The slums neither have any protection from rains nor have any permanent source of drinking water. The labourers were living in inhuman conditions. They are dependent on locals or the adjoining factories for drinking water.

The Himachal government has passed strict regulations against the employment of labourers in industries through contractors.

However, most of the labourers have been brought from Bihar and UP by the contract labourers. They exploit the labourers and also deny them the ESI scheme of the government under which they can get free health care and insurance cover.

The Department of Industries has failed to check this illegal practice of deployment of labourers through contractors in industries.
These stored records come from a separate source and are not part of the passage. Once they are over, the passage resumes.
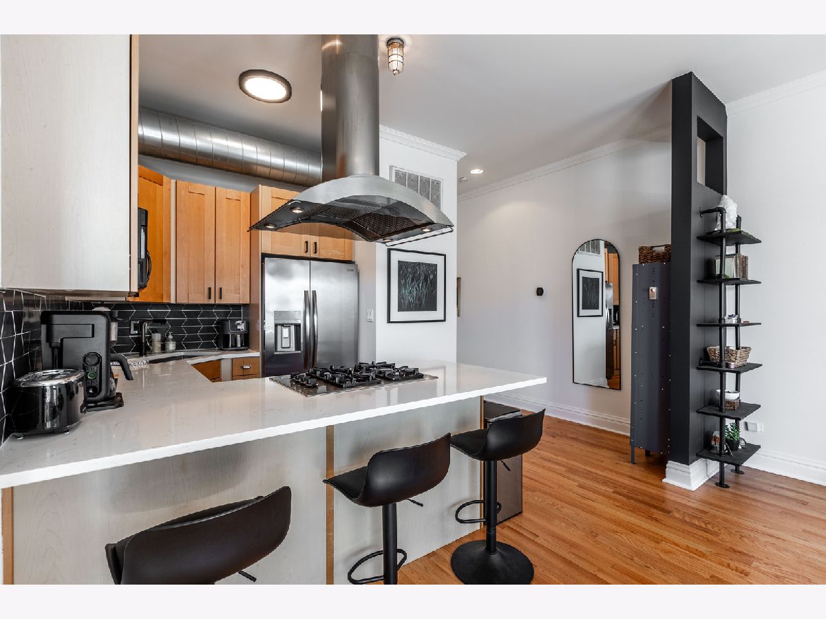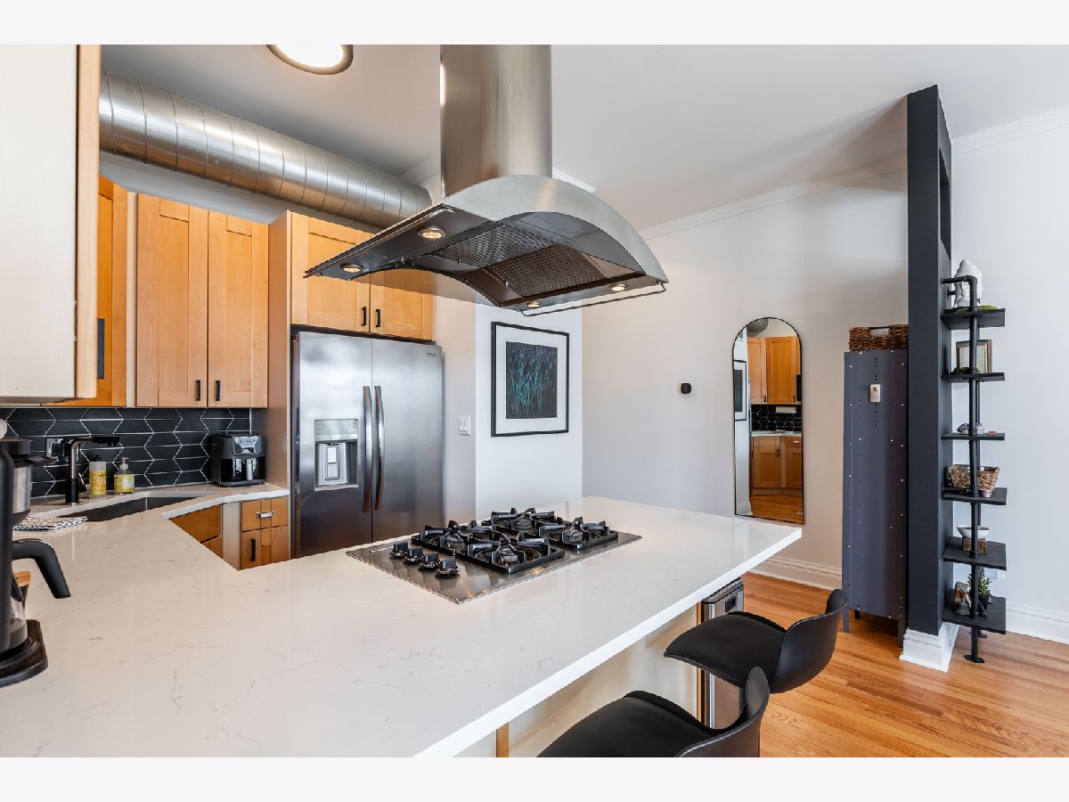 Welcome to your stylish new home in the heart of vibrant Uptown! This spacious 2-bedroom, 1-bath condo offers approximately 1,100 square feet of modern, loft-inspired living. Featuring soaring ceilings, hardwood floors throughout, and oversized rooms, this unit is the perfect blend of comfort and contemporary design. The sleek kitchen is a standout, complete with a ceiling-mounted hood range, a large peninsula perfect for dining or entertaining, and plenty of cabinet space. The open-concept layout flows seamlessly into the living area, where a private balcony awaits - ideal for your morning coffee or evening unwind. Enjoy the convenience of in-unit laundry, generous closet space, and a bright, airy atmosphere throughout. Located just steps from the Red Line and the brand-new Lawrence station, you'll have unbeatable access to everything Uptown has to offer: amazing restaurants, entertainment, parks, and the lakefront with Montrose beach.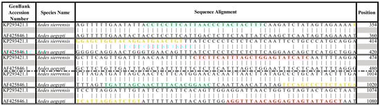 Multiple sequence alignment for Ae. aegypti and Ae. sierrensis. Forward primers are colored in green, probes in yellow, and reverse primers in red.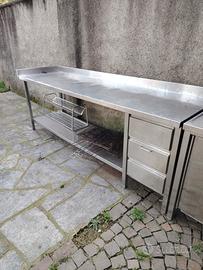 tavolo in acciaio inox 270 x 70 x 90 grande e comodo per cucine esterne grill angoli cottura, utile anche per cucine professionali o laboratori. compreso di tre comodi cassetti e ripiano basso, solido in buone condizioni. no spedizione solo ritiro in loco.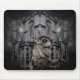Uma casa assombrada guardada por um demônio em um legal mouse pad para o Halloween ou qualquer hora.

GM Industries Una was not available for comment despite repeated calls on his mobile phone.

As far as migrant labourers working at construction sites were concerned they were covered under the Buildings and Other Construction Workers (Regulation of Employment and Conditions of Service) Act, 1996. Under the Act, the construction workers get a health insurance cover of Rs 30,000, an accidental death insurance cover worth Rs 70,000 and maternity benefit to women construction workers worth Rs 10,000.

Besides, a pension of Rs 500 per month is given to the construction workers who are enrolled in the scheme continuously for a period of three years after attaining the age of 60. They can also get an interest-free loan of Rs 50,000 for the construction of a house.

However, none of the thousands of labourers living in the slums of village Bathri were registered under the Act.